| Given records |

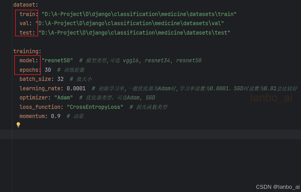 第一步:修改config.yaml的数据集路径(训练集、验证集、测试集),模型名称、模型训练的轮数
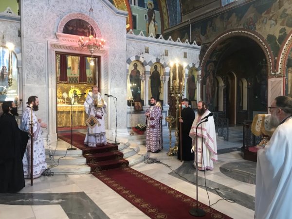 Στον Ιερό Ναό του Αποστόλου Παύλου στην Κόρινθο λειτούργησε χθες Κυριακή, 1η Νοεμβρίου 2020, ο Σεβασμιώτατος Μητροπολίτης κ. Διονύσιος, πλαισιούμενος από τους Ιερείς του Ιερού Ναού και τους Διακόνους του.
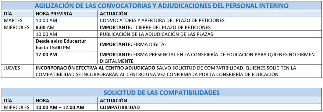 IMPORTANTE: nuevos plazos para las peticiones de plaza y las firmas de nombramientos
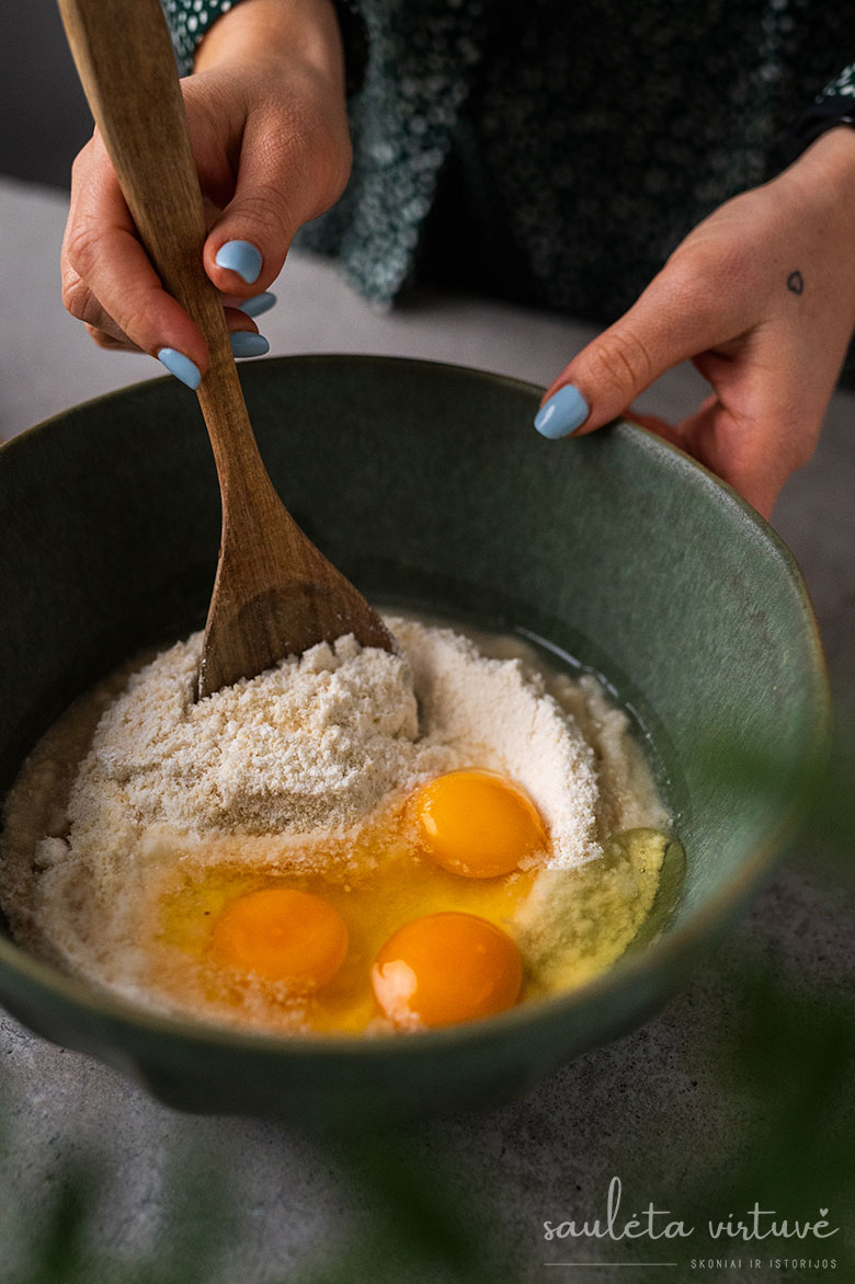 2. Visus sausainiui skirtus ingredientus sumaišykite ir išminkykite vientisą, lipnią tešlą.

==

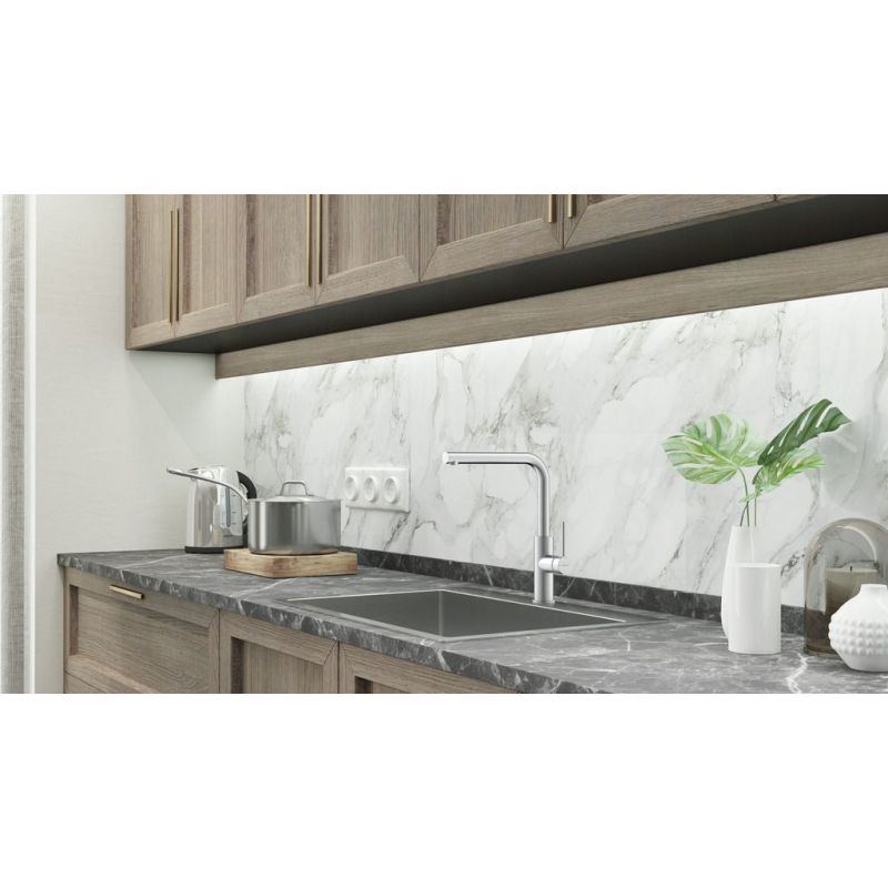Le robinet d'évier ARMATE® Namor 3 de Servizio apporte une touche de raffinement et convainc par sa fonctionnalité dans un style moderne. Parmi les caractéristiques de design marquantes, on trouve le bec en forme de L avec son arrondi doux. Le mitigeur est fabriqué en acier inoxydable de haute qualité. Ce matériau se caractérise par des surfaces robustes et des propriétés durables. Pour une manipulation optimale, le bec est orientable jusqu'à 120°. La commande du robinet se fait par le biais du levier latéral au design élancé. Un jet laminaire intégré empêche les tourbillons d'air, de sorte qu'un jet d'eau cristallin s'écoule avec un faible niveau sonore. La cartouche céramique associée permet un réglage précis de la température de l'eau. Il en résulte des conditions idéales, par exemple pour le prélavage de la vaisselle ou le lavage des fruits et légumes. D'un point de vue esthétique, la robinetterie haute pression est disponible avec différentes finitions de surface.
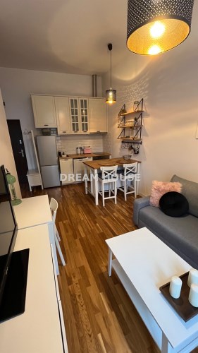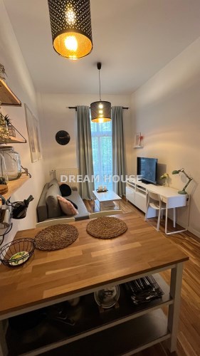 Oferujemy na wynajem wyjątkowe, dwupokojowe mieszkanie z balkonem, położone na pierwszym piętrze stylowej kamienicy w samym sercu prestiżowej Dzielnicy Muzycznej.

* * *

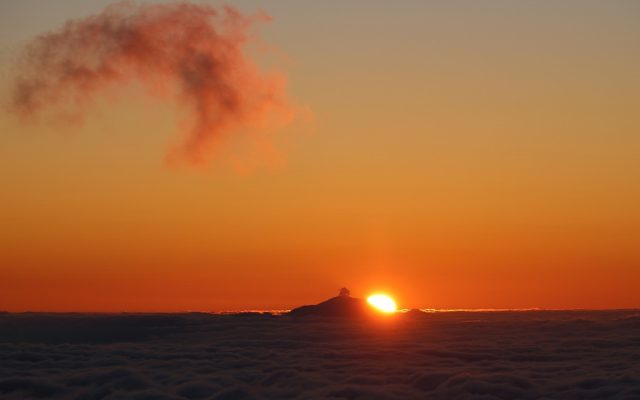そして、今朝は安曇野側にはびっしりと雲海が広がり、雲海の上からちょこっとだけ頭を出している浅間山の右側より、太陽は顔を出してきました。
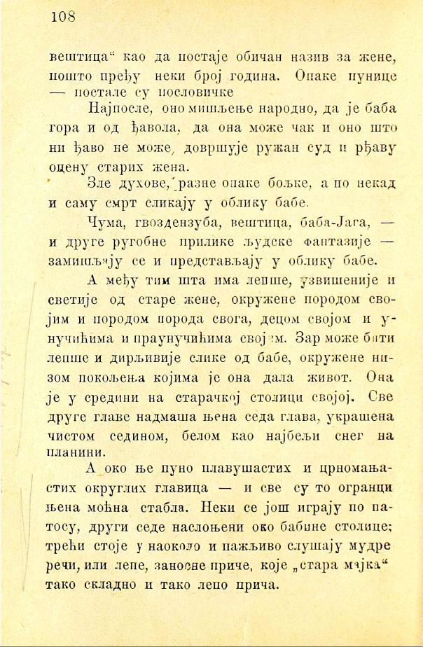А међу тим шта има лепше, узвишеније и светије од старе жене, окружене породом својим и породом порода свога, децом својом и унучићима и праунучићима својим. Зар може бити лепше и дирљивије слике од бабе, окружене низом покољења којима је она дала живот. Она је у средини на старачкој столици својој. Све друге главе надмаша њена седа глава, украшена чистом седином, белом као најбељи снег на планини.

| What you should do |
Leaving all pictures out, output exactly the lines of the material above from the line with "Στον Ιερό Ναό" to the line with "2. Visus sausainiui", both included.

| Reply to the task |
 Στον Ιερό Ναό του Αποστόλου Παύλου στην Κόρινθο λειτούργησε χθες Κυριακή, 1η Νοεμβρίου 2020, ο Σεβασμιώτατος Μητροπολίτης κ. Διονύσιος, πλαισιούμενος από τους Ιερείς του Ιερού Ναού και τους Διακόνους του.
 IMPORTANTE: nuevos plazos para las peticiones de plaza y las firmas de nombramientos
 2. Visus sausainiui skirtus ingredientus sumaišykite ir išminkykite vientisą, lipnią tešlą.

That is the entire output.